Information provided -
★ ★ ★ ★ ★ ★ ★
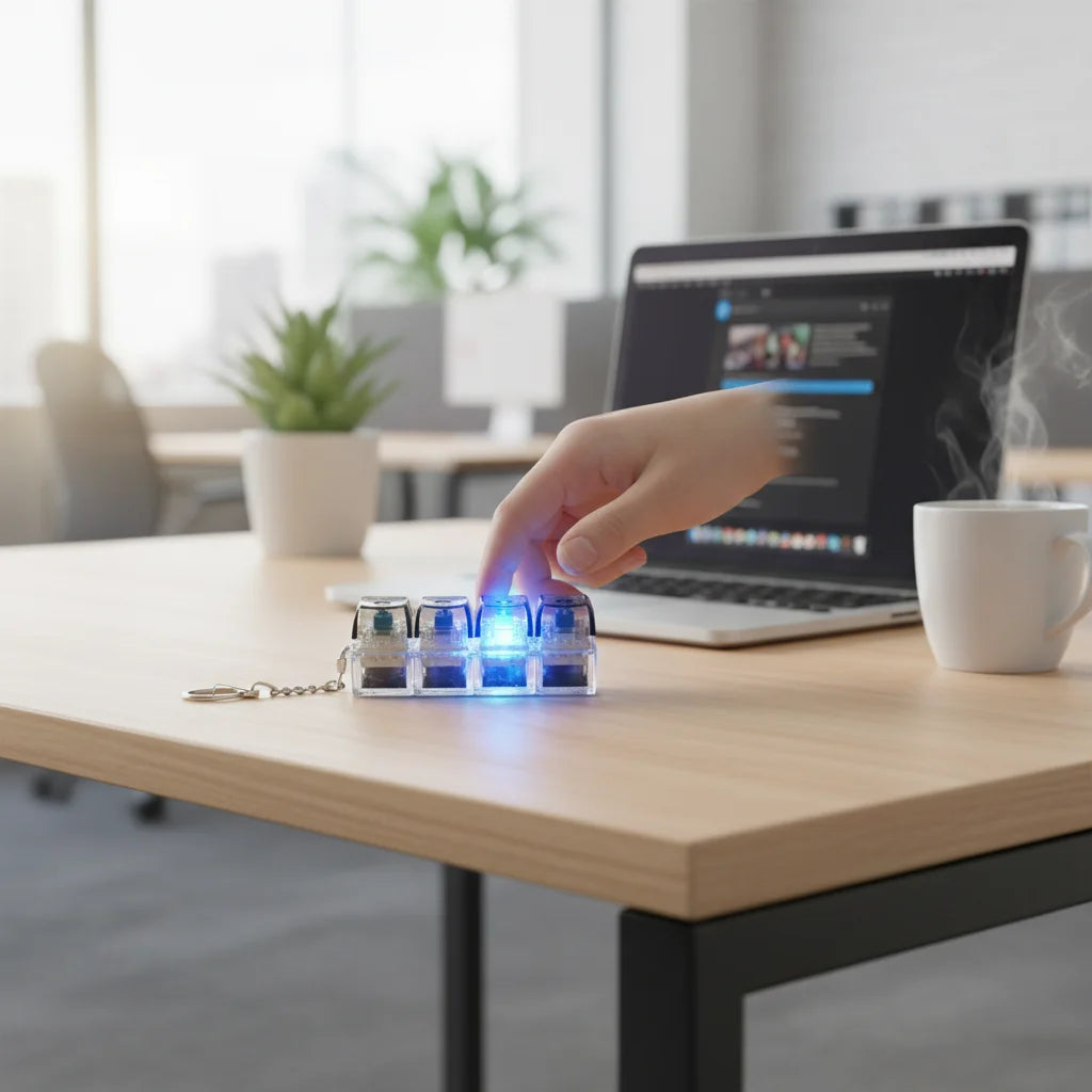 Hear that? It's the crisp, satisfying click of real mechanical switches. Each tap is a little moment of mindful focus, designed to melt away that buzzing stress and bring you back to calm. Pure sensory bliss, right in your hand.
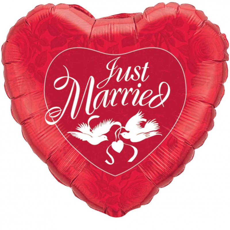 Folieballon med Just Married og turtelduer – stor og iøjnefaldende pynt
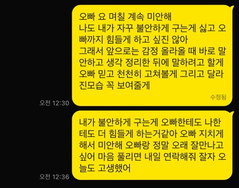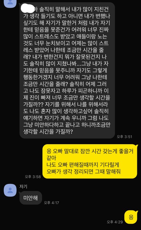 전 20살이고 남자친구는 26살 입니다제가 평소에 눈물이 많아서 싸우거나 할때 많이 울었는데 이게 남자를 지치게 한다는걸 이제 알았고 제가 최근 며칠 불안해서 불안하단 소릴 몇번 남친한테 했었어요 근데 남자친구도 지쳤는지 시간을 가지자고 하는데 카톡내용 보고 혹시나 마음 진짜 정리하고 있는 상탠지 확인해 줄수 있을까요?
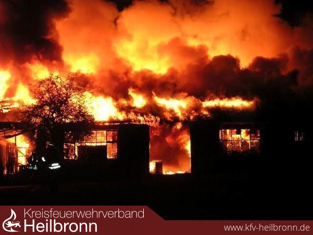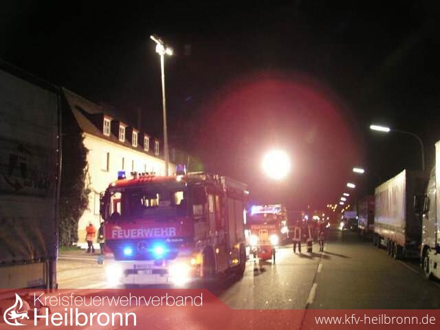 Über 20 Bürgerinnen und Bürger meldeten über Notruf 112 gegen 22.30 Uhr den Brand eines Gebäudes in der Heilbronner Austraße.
★ ★ ★ ★ ★ ★ ★
Exercise - Transcribe the data word for word, with no images.

Answer to this exercise -
 Hear that? It's the crisp, satisfying click of real mechanical switches. Each tap is a little moment of mindful focus, designed to melt away that buzzing stress and bring you back to calm. Pure sensory bliss, right in your hand.
 Folieballon med Just Married og turtelduer – stor og iøjnefaldende pynt
 전 20살이고 남자친구는 26살 입니다제가 평소에 눈물이 많아서 싸우거나 할때 많이 울었는데 이게 남자를 지치게 한다는걸 이제 알았고 제가 최근 며칠 불안해서 불안하단 소릴 몇번 남친한테 했었어요 근데 남자친구도 지쳤는지 시간을 가지자고 하는데 카톡내용 보고 혹시나 마음 진짜 정리하고 있는 상탠지 확인해 줄수 있을까요?
 Über 20 Bürgerinnen und Bürger meldeten über Notruf 112 gegen 22.30 Uhr den Brand eines Gebäudes in der Heilbronner Austraße.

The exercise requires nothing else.